Schaffner: In Stuttgart lebst Du im Alltag als Homo­sexueller eigentlich auch nicht anders als ein Heterosexueller. Die Stuttgarter Gesellschaft ist in dieser Hinsicht sehr offen und tolerant. Wenn in Stuttgart ein schwules Paar über die Königsstraße geht, schauen vielleicht drei oder vier Leute etwas komisch. Wenn man das in der als so locker geltenden Stadt Köln macht, weiß jeder gleich, dass Du ein Tourist bist.
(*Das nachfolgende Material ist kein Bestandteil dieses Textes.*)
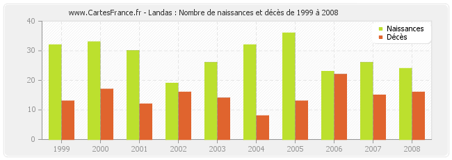- Population de Landas de 30 à 44 ans : 545 habitants
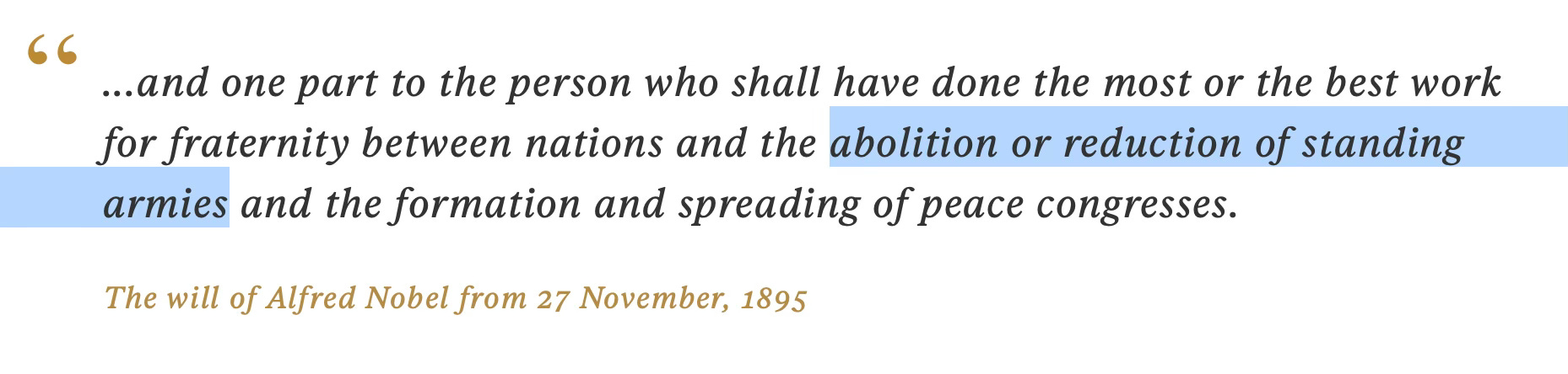 One might wonder what Nobel would have thought about the army Turmp has been building under the guise of fighting crime and illegal immigration. He also might wonder about Trump trying to run roughshod over the fraternity between free nations by cozying up to authoritarian counties.
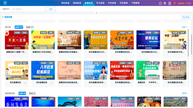打破“一个业务、一个系统、一套设备”的建设模式。实现网络视听新媒体各类业务在一个平台上融合监管、监管大数据在一个平台上汇聚共享、监管结果在一个平台上收录发布,实现了全业务、全流程、多维度的智能化、便捷化监管。
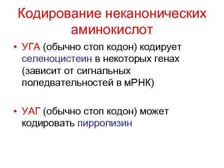 Кодирование неканонических аминокислот • УГА (обычно стоп кодон) кодирует селеноцистеин в некоторых генах (зависит от сигнальных поледвательностей в м. РНК) • УАГ (обычно стоп кодон) может кодировать пирролизин
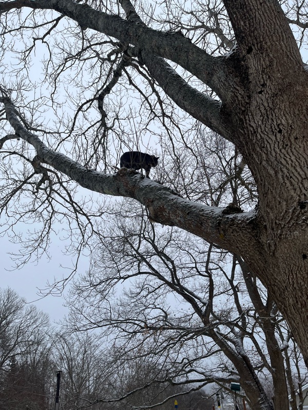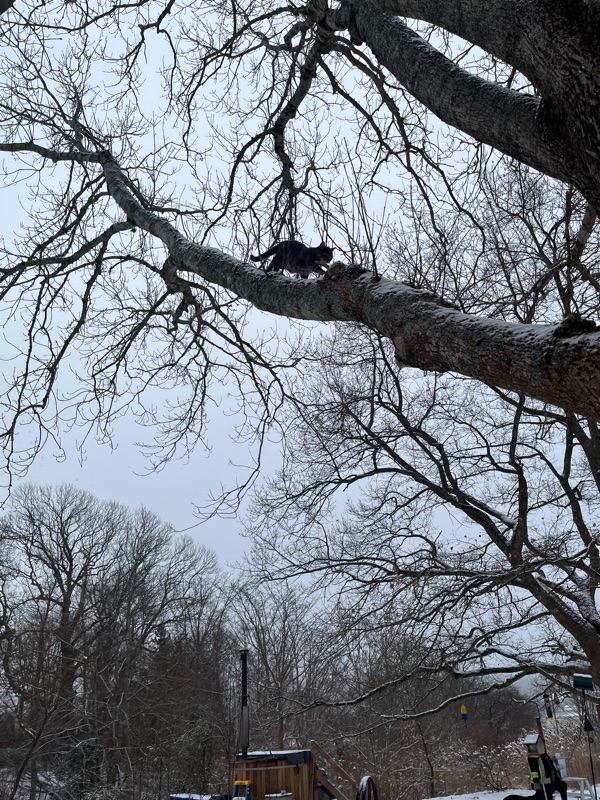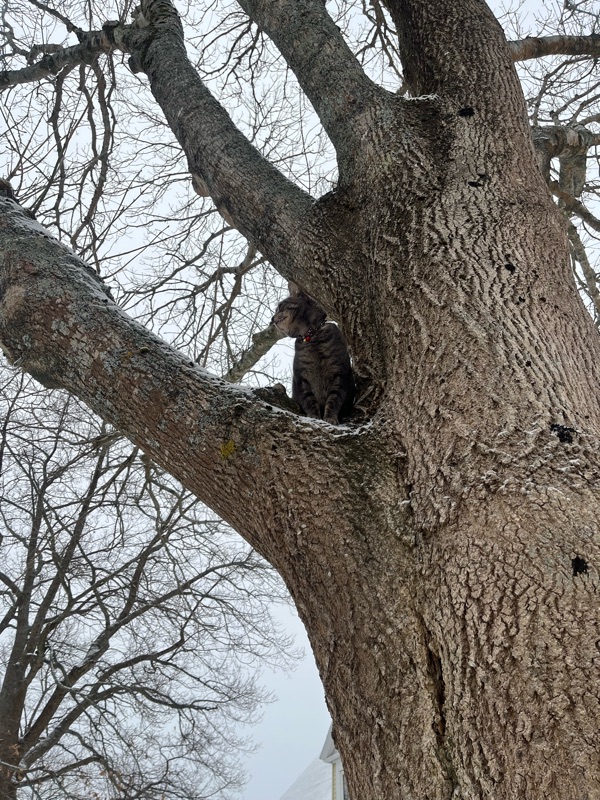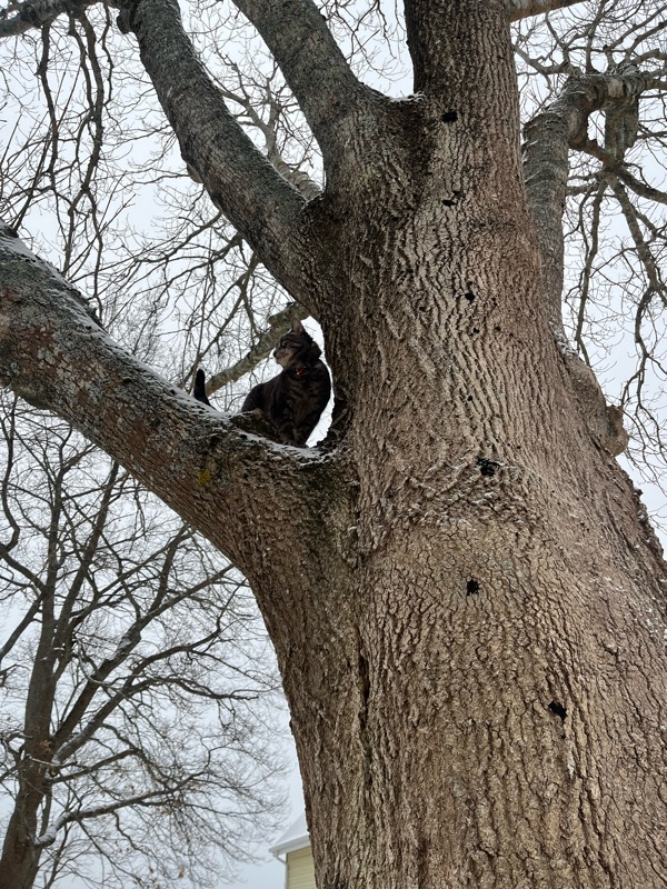 It’s a tall tree! His cat is at least at the second story. He jumps from about 10 feet up to the ground.

Das verwundert im ersten Moment. Warum ist dem so?
Schaffner: Köln ist sehr katholisch geprägt. Da ist es selbst heute für homosexuelle Paare nicht selbstverständlich, sich händchenhaltend in der Öffentlichkeit zu zeigen. Aber generell gilt gerade für die Großstädte Deutschlands, dass man dort als Schwuler keine Probleme hat.

Hat man es demzufolge heute auch einfacher, sich als homosexueller Mensch zu bekennen?
Schaffner: Das persönliche »Coming-Out« ist gesellschaftlich einfacher, individuell aber genauso schwierig wie früher. Wenn Du etwa als Jugendlicher zum ersten Mal bemerkst, dass Du Männer attraktiv findest, hälst Du es zunächst für eine Phase, die vorübergeht. Wenn das dann aber nicht der Fall ist, bricht da erst einmal eine komplette Welt zusammen. Schließlich wachsen wir alle mit einem bestimmten Gesellschaftsbild auf. Und da ist es eben nach wie vor zunächst so, das man den Schulabschluss macht, dann die Ausbildung und dann eine Familie gründet - als Mann und Frau.

Womit wir beim Thema Adoption wären.
Schaffner: Ja, genau so ist es. Dass Recht homosexueller Paare, ein Kind zu adoptieren, fehlt zur absoluten Gleichberechtigung noch ebenso wie die wirkliche Gleichstellung der Homo-Ehe und das Hinterbliebenenrecht bei Beamten, die in einer eingetragenen Partnerschaft leben. Immerhin darf in Stuttgart die Eheschließung mittlerweile im Standesamt stattfinden, das war lange Zeit nicht so.

Weshalb gibt es denn diese bürokratischen Hürden noch?
Schaffner: Leider muss man sagen, dass abgesehen von Stuttgart Baden-Württemberg schon zu den Bundesländern gehört, die sich mit dem Thema Gleichstellung sehr schwer tun. Herr Mappus hat in diesem Jahr das Grußwort zum CSD ebenso verweigert wie einst Herr Oettinger. Wahrscheinlich sind sie das ihren konservativen Wählern schuldig.